- Born: November 17, 1906
- Died: September 16, 2006 (aged 99)
- Occupation: philanthropist
- Spouses: J. Gordon Douglas Jr.; Etienne Boegner;
- Children: 2
- Parent(s): John Shaffer Phipps Margarita Celia Grace

= Margaret Phipps Boegner =

Margaret Phipps Boegner (November 17, 1906 – September 16, 2006) was an American heiress and philanthropist.

==Biography==

===Early life===
Margaret Helen Phipps was born on November 17, 1906. Her father was John Shaffer Phipps (1874–1958) and her mother, Margarita Celia Grace (1876-1957). She had three brothers, John H. H. Phipps, Michael Grace Phipps (1910–1973) and Hubert Beaumont Phipps (1906–1969). Her paternal grandfather was Henry Phipps Jr. (1839–1930) and her maternal grandfather was Michael P. Grace (1842–1920). She grew up at Old Westbury Gardens in Old Westbury, New York.

===Philanthropy===
After her parents' deaths in 1957 and 1958, she developed the Old Westbury Gardens and decided to open her family residence to the public. She became Founder and Chairperson of the Old Westbury Gardens non-profit organization.

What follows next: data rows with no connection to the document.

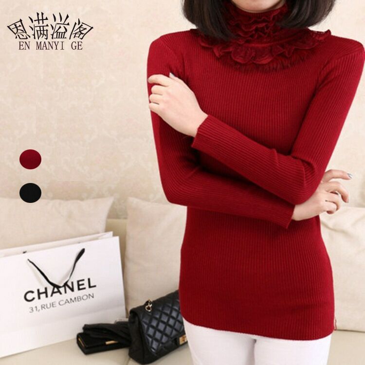 春裝新款女裝甜美修身荷葉邊針織衫熱賣長袖打底細(xì)毛衣女廠家直銷 /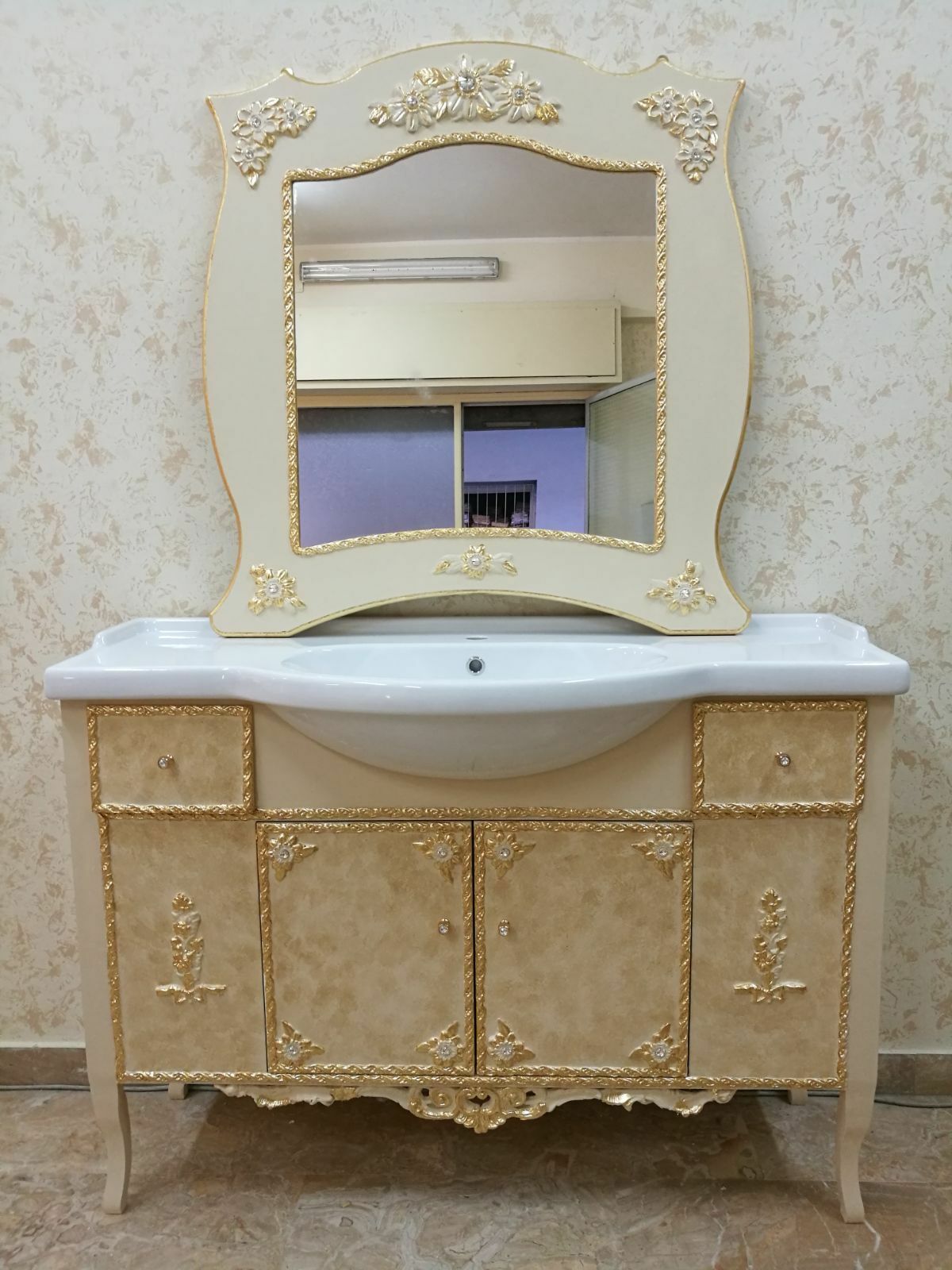 MOBILE BAGNO IN LEGNO AVORIO E FOGLIA ORO CON CRISTALLI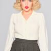 Our Andra Plain Blouse is a 1940’s inspired fitted style that’s perfect for office looks or nights at the pub quiz! Pair with one of our pinafores or a pencil skirt and cardigan for a sweet layered look.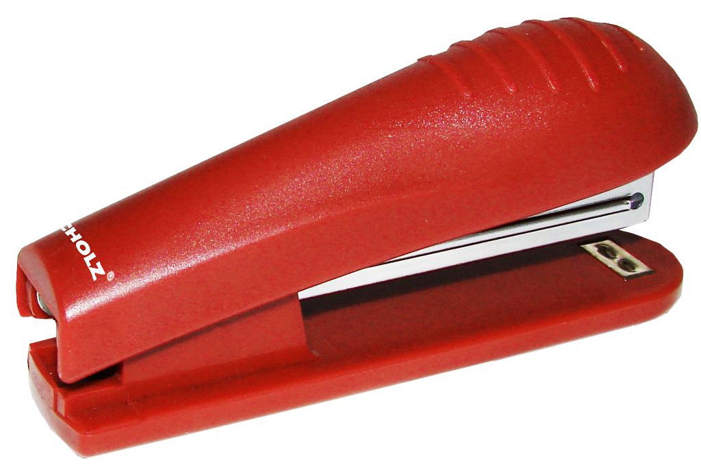 Степлер Scholz изготовлен из пластика, с надежным металлическим механизмом. Окошко контроля наличия скобы.

She was featured in an episode of America's Castles.

===Personal life===
She married J. Gordon Douglas Jr. in 1930. They had a son and a daughter:
- J. Gordon Douglas III.
- Dita Amory Douglas Naylor-Leyland (married Alick David Yorke Naylor-Leyland (1929–1991), son of Sir Albert Edward Herbert Naylor-Leyland, 2nd Baronet (1890–1952) of the Naylor-Leyland baronets; they have one son: Nicholas Edward Naylor-Leyland).

They divorced in 1947.

In 1951, she married Etienne Boegner, a French businessman and diplomat, and the son of Marc Boegner (1881–1970), a prominent member of the French Resistance and the first President of the Protestant Federation of France. He died in 1985.

She died in 2006. On June 30, 2010, some of her jewels were sold in an auction house in East Moriches, New York.

==Bibliography==
- Peggie Phipps Boegner, Richard Gachot, Halcyon Days: An American Family Through Three Generations (New York, New York: Harry N Abrams, 2007).